Панькин вышел со двора, направился к березовой роще.
Он шагал по сырой тропинке, усыпанной прошлогодними бурыми листьями. С веток падали сосульки, звеня, разбивались на мелкие серебристые комочки, таяли под весенним солнцем. Поглощенный тягостными думами, Панькин не замечал ни веселого гомона птиц, ни свежего ветерка, ни молодых побегов.
Уже скрылась из вида застава. А он все шел и шел. Несмотря на чистоту и свежесть воздуха, он задыхался. Задыхался от обиды и смертельной тоски.
«Сегодня же позвоню Бакланову и попрошу перевести в другой отряд, — внезапно нашел он выход. — А еще лучше — попрошу отправить на фронт. После такого унижения встречаться с офицерами, с солдатами? К черту? Пусть посылают на фронт! Может быть, найду свою пулю».
Мысль о смерти показалась такой желанной, что он на какой-то миг почувствовал даже облегчение.
На заставу Панькин вернулся вечером.
Заглянув в график нарядов, он выбрал свободную кровать, лег поверх одеяла, накрылся с головой шинелью.
Сон долго
Когда забрезжил рассвет, Панькин вскочил в холодном поту. Перед ним стоял дежурный. Он недоуменно смотрел на офицера и молчал. Панькин крепко потер виски, пытаясь припомнить, что могло так испугать его во сне.
— Ничего, ничего, товарищ Карпов, — успокоил он дежурного. — Ерунда какая-то приснилась…
Дежурный ушел на свое место. Панькин лег опять, но спать уже не хотелось. Он встал, поправил постель и, накинув на плечи шинель, вышел на улицу. На дворе было по-зимнему холодно. Деревья, палисадник, водосточные трубы покрылись инеем. Над поселком лениво вились струйки дыма.

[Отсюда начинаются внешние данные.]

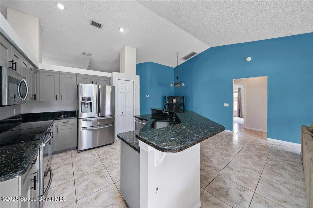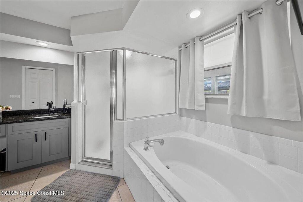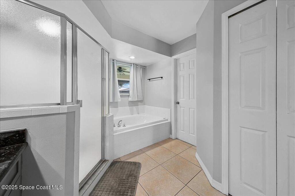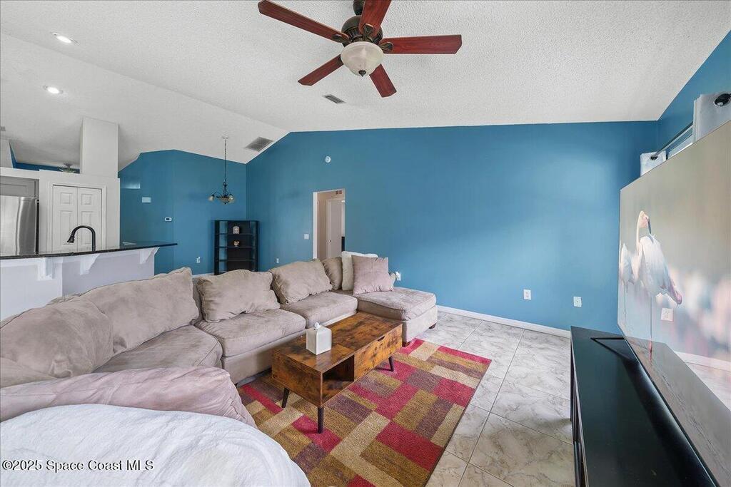 Welcome to this spacious and beautifully maintained 4-bedroom, 2-bathroom home nestled in a quiet, secluded Palm Bay neighborhood. This move-in-ready residence blends style, comfort, and convenience. Inside, you'll find granite countertops in the kitchen and bathrooms, tile flooring throughout the main living areas, and a combination of laminate and carpet in the bedrooms. The large laundry room includes a washer and dryer and provides ample storage. The open layout makes entertaining a breeze. Enjoy outdoor living on the spacious back patio with direct access to a full bathroom -- ideal for gatherings or relaxing evenings. The fully fenced backyard offers privacy and security. Conveniently located just minutes from I-95 and directly across from Hammock Landing, this home puts shopping, dining, and entertainment at your doorstep. Don't miss the opportunity to own this well-maintained gem in one of Palm Bay's most desirable locations!
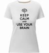 Жіноча преміум-футболка власного виробництва приталеного крою. Виготовлена з якісної тканини (95% бавовна, 5% еластан) — щільна, м'яка та приємна до тіла. Принт Keep Calm use your brain можна розмістити на грудях, спині або рукаві.
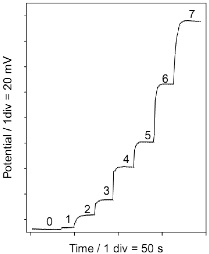 Dynamic response of electrode to different sulpiride concentrations. 0:0; 1:1 × 10-6 M; 2: 6 × 10-6 M; 3:1.6 × 10-5 M; 4: 6.6 × 10-5 M; 5: 1.6 × 10-4 M; 6: 1.1 × 10-3 M; 7: 9.1 × 10-3 M.
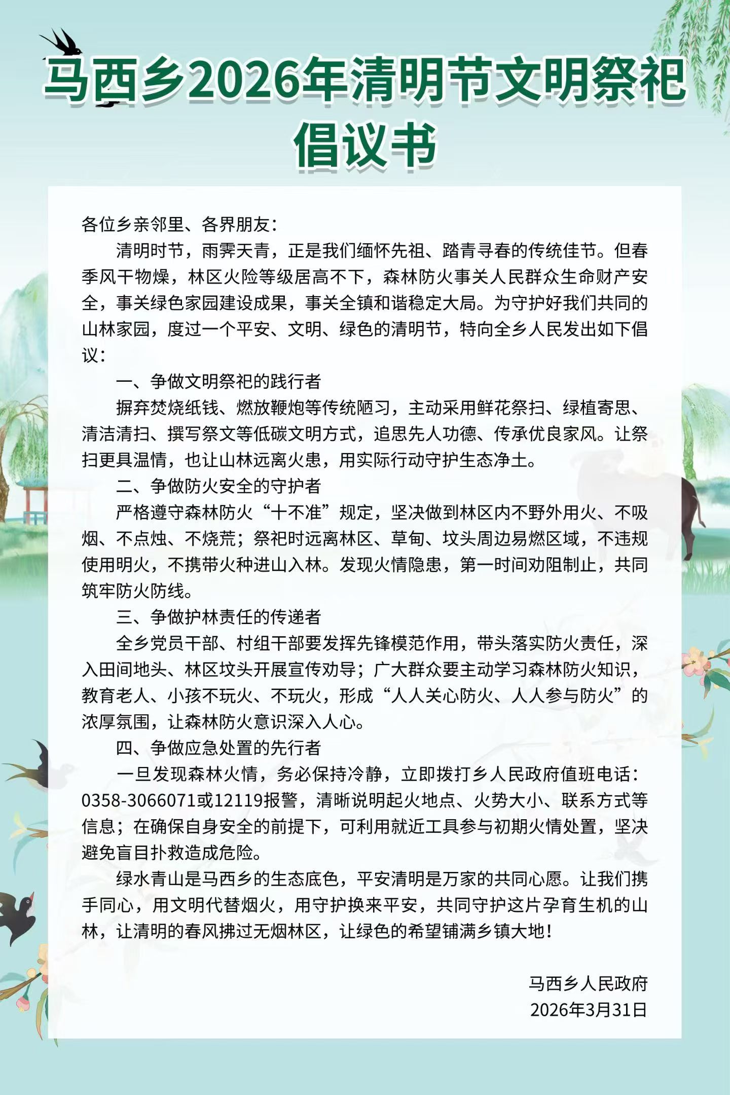 马西乡2026年清明节文明祭祀倡议书
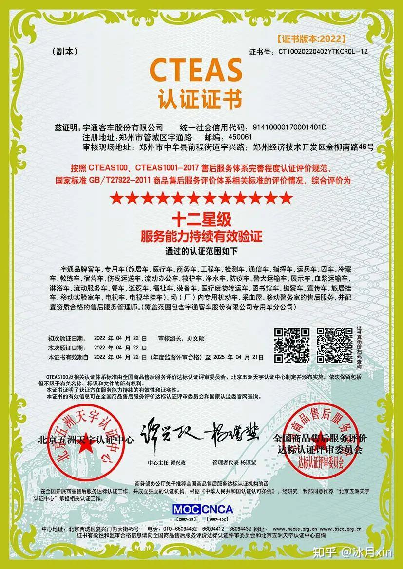 宇通服务荣获国内最高CTEAS十二星级等级认证! - 知乎
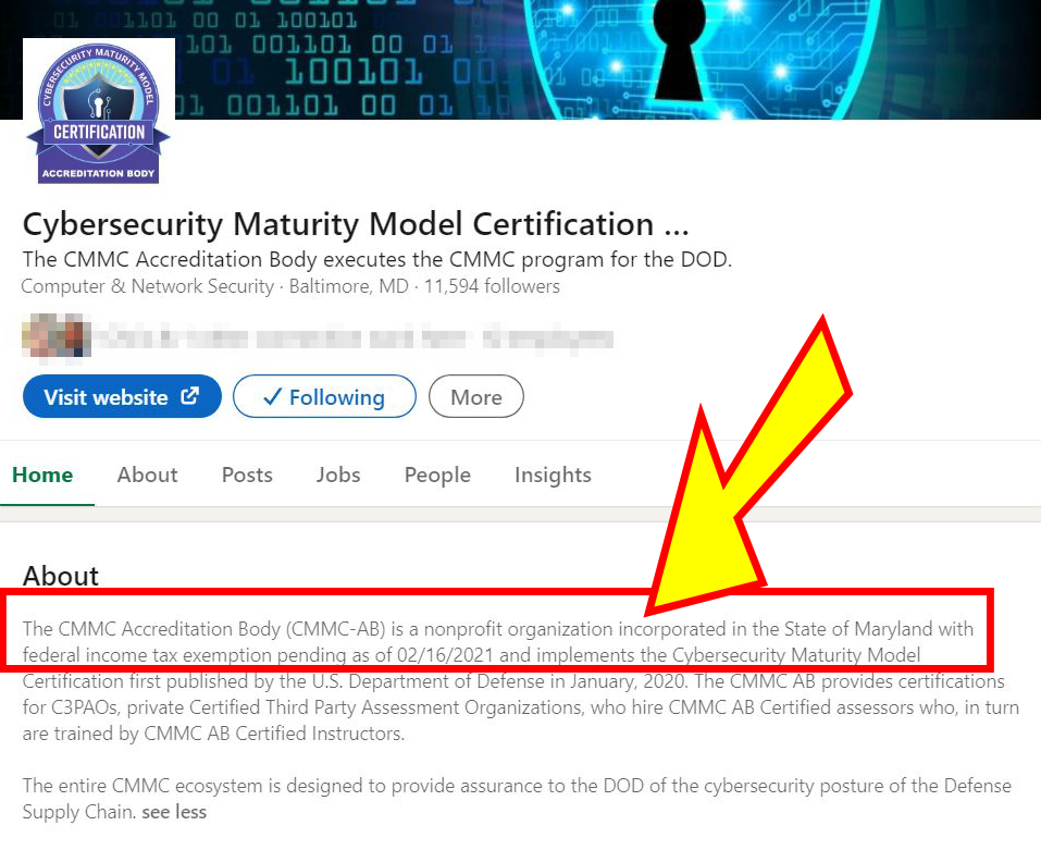 The CMMC-AB continues to make potentially fraudulent statements about its tax-exempt status. Both the IRS and the Maryland Secretary of State have confirmed with Oxebridge that the AB has not obtained official nonprofit status at either the state or Federal level, but the CMMC-AB LinkedIn page continues to declare itself a current “nonprofit” organization. It then adds a contradictory claim indicating the official status is “pending as of 2/16/2021.”

Панькин поежился. На душе стало еще холодней и тоскливей…
ГЛАВА ДВАДЦАТЬ СЕДЬМАЯ
По границе, от заставы к заставе, летела радостная весть:
«Советские войска штурмом овладели рейхстагом! Гитлер покончил жизнь самоубийством! Над Берлином реет Знамя Победы!»

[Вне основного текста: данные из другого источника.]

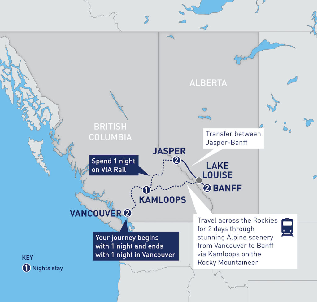 Travel on a roundtrip from Vancouver through the breath-taking landscapes of the Canadian Rockies on this scenic rail journey! Explore Vancouver’s Stanley Park and take a stroll along the sea wall for amazing views looking back at Coal Harbour and the City, venture to Granville Island and the Farmers Market for some local food. Travel the world-famous Rocky Mountaineer as you wind through the Canadian Rockies making your way to the mountainside town of Banff. Venture through Alberta along the Icefields parkway as you make your way to Jasper. Board VIA Rail for your scenic journey back to Vancouver where you pass by Mount Robson, the tallest peak in the Canadian Rockies.
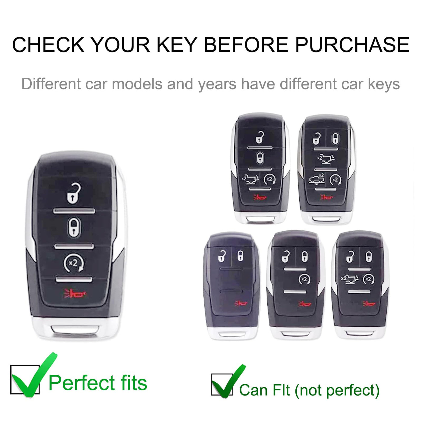 Cacarlike For Dodge Key Fob Cover With Leather Lanyard, Car Key Fob Case Compatible With 2019-2023 Dodge Ram 1500 2500 3500 4500
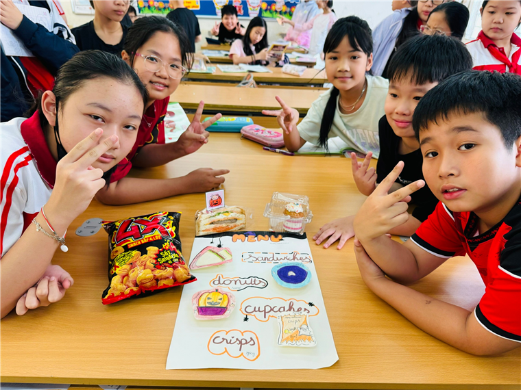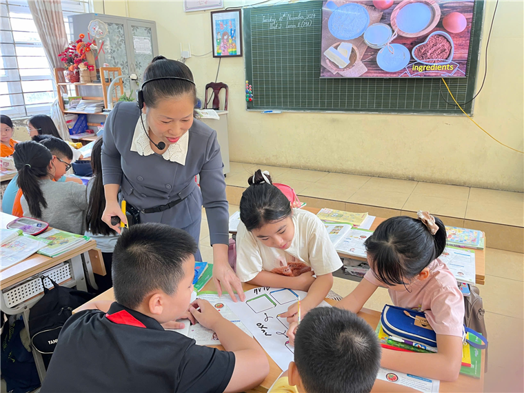 Cô Bích Hạnh chia sẻ: Theo Chương trình giáo dục phổ thông các tiết học Dự án, Trải nghiệm đặc trưng bộ môn nhằm tạo môi trường thực tế cho học sinh học tập môn học, để từ đó các em tiếp thu từ mới, cấu trúc câu dễ dàng hơn và thấm ngôn ngữ một cách tự nhiên. Hình thức học thông qua trải nghiệm còn giúp học sinh phát triển các kĩ năng vận động, làm việc theo nhóm, thuyết trình. Đồng thời, thông qua các tiết học trải nghiệm tiếng Anh, các em học sinh có cơ hội được phát triển các kĩ năng trong các môn học khác như Kĩ năng công dân số, Mỹ thuật, Âm nhạc, …

Бойцы ликовали. Доблестные советские армии завершали ликвидацию окруженных немецко-фашистских группировок. Со дня на день ожидалось сообщение о капитуляции Германии.
Вернувшись глубокой ночью из наряда, пограничники заходили в ленинскую комнату, включали отремонтированный Дудкиным старенький приемник, с замиранием сердца ловили Москву.
И вот ранним майским утром эта долгожданная минута пришла.
В казарму вбежал Дудкин и пронзительно крикнул:
— Сюда! Скорее!
Бойцы, побросав свои дела, устремились за связистом.
Сквозь вой и свист многочисленных радиопомех прорвался знакомый голос диктора:
«Дорогие соотечественники! Слушайте важное правительственное сообщение!..»
Ленинская комната наполнилась радостным гулом, затем мгновенно все стихло. Из радиоприемника донеслось чуть слышное бульканье наливаемой в стакан воды. Бойцы замерли. Они волновались вместе с диктором и, словно от жажды, облизывали пересохшие губы.
В комнату вошел лейтенант Торопов, только что вернувшийся с границы.
— Что сообщили? — спросил он, снимая мокрый от росы плащ.
Диктор начал передавать текст Акта о безоговорочной капитуляции.
Мощным «ура» ответили бойцы на это сообщение. Со слезами на глазах они обнимали друг друга, целовались. Затем выбежали на улицу, подхватили начальника заставы на руки, стали подбрасывать его вверх.
Торопов обвел пограничников сияющим взглядом, сказал:
— Давайте, товарищи, садитесь кто-нибудь на коней — и галопом на фланги. Надо сейчас же оповестить людей. А то мы здесь радуемся, а они ведь ничего еще и не знают…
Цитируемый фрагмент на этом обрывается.